234 F. Supp. 409, 1964 U.S. Dist. LEXIS 8187
CourtDistrict Court, W.D. Washington
DecidedOctober 2, 1964
DocketNo. 5986
StatusPublished

This text of 234 F. Supp. 409 (Kanton v. Grace Line, Inc.) is published on Counsel Stack Legal Research, covering District Court, W.D. Washington primary law. Counsel Stack provides free access to over 12 million legal documents including statutes, case law, regulations, and constitutions.

Bluebook
Kanton v. Grace Line, Inc., 234 F. Supp. 409, 1964 U.S. Dist. LEXIS 8187 (W.D. Wash. 1964).

Opinion

LINDBERG, Chief Judge.

This action is before the court upon defendant’s motion to dismiss the complaint. The facts giving rise to the motion are not in dispute.

Plaintiff, a longshoreman unloading the SS SANTA JUANA, slipped from a hold ladder and suffered injuries. Under section 5 of the Longshoremen’s and Harbor Workers’ Compensation Act,1 the plaintiff sought and was awarded compensation in the sum of $4,822.05. He now brings an action in personam, and not in rem, for unseaworthiness against his employer, Grace Line, Inc. Grace Line is also the owner of the SANTA JUANA.

A simple comparison of the Act and the action would suggest that the cause is vulnerable to summary dismissal. However, the case law forbids this easy course.

Seas Shipping Co. v. Sieracki, (1946) 328 U.S. 85, 66 S.Ct. 872, 90 L.Ed. 1099, initiated the trend towards the present situation. It held that a ship’s traditional obligation of seaworthiness, always owed to seamen, also extended to stevedores working aboard the ship. Despite the petitioner’s contrary urgings in that case the court felt the Longshoremen’s and Harbor Workers’ Act did not prevent extension of the traditional seaman’s remedies to stevedores. While Mr-Justice Stone in dissent at the time commented that under the court’s ruling stevedores would have remedies not even-accorded the crew,2 the court nonetheless, held longshoremen eligible for compensation under the Act and for redress under traditional maritime law. The employer was thus exposed to an uncertain liability.

This uncertainty was emphasized by Ryan Stevedoring Co. v. Pan-Atlantic Steamship Corporation (1956), 350 U.S. 124, 76 S.Ct. 232,100 L.Ed. 133. A worker employed by an independent stevedoring company was injured aboard the ship-. He recovered against the ship but the ship in turn was granted indemnity against the employer, the stevedoring company. The indemnity was granted even though there was no indemnity-clause in the contract between the ship, owner and the stevedoring company.
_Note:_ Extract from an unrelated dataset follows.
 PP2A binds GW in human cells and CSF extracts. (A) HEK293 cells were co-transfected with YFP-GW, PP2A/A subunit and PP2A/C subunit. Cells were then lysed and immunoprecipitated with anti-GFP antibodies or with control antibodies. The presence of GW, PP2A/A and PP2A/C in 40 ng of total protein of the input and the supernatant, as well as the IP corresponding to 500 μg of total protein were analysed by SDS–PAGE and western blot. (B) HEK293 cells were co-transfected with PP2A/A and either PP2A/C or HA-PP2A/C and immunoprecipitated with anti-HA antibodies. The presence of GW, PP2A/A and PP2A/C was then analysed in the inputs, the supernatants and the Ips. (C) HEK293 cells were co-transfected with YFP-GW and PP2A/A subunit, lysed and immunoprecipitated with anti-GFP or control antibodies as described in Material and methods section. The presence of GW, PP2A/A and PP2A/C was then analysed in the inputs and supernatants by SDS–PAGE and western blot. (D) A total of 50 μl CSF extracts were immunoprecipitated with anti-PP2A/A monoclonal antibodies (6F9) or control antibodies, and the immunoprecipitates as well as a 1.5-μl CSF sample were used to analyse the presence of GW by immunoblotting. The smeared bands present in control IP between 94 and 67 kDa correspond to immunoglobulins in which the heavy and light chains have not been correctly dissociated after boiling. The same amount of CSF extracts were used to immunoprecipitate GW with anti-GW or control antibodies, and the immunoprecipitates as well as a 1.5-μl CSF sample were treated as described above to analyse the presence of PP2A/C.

Reed v. The Yaka, (1963) 373 U.S. 410, 83 S.Ct. 1349, 10 L.Ed.2d 448, brought the situation to its present state. Here [411]*411the shipowner, pro hac vice, and the employer were identical. If the court had allowed the Act to immunize the employer from suit the court’s holding in Ryan, supra, would mean that longshoremen injured under identical circumstances would have substantially different remedies. The scope of their remedy would depend upon the accidental fact of who their employer was. The .court therefore ruled that the employee could sue the ship of his employer by libel .in rem.
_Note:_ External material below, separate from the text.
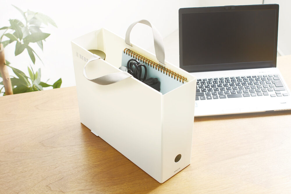 今回発売する「すっきり収納できるキャリーボックス<NEOS>」は、シンプルなファイルボックス形状でありながら、内部にワンタッチで開閉できる仕切りを設けた。これにより、水筒やACアダプター等の小物類もすっきりと整理して収容することが可能。また取っ手付きなので、家庭内やオフィス内でワークツールをひとまとめに持って移動する際に便利だ。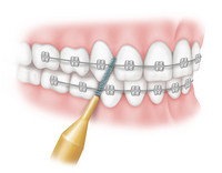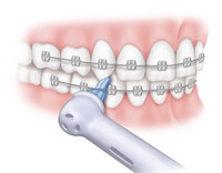 Optimal nutzen Sie dazu eine elektrische Zahnbürste, da diese die bakteriellen Beläge zuverlässiger entfernt als eine Handzahnbürste. Reinigen Sie dabei bitte nicht nur die Oberflächen der Brackets, sondern führen Sie die Borsten auch unter die Drähte. So vermeiden Sie, dass sich dort Plaque absetzt.

The case at bar is factually much like Reed. However, the plaintiff urges a further extension of the trend by permitting a suit directly against the employer, in personam. Such a ruling would bring the case law into immediate opposition with the wording of the statute, a position this court declines to assume. This court will not, in this instance anticipate -.the reaction of the Supreme Court.

Motion granted.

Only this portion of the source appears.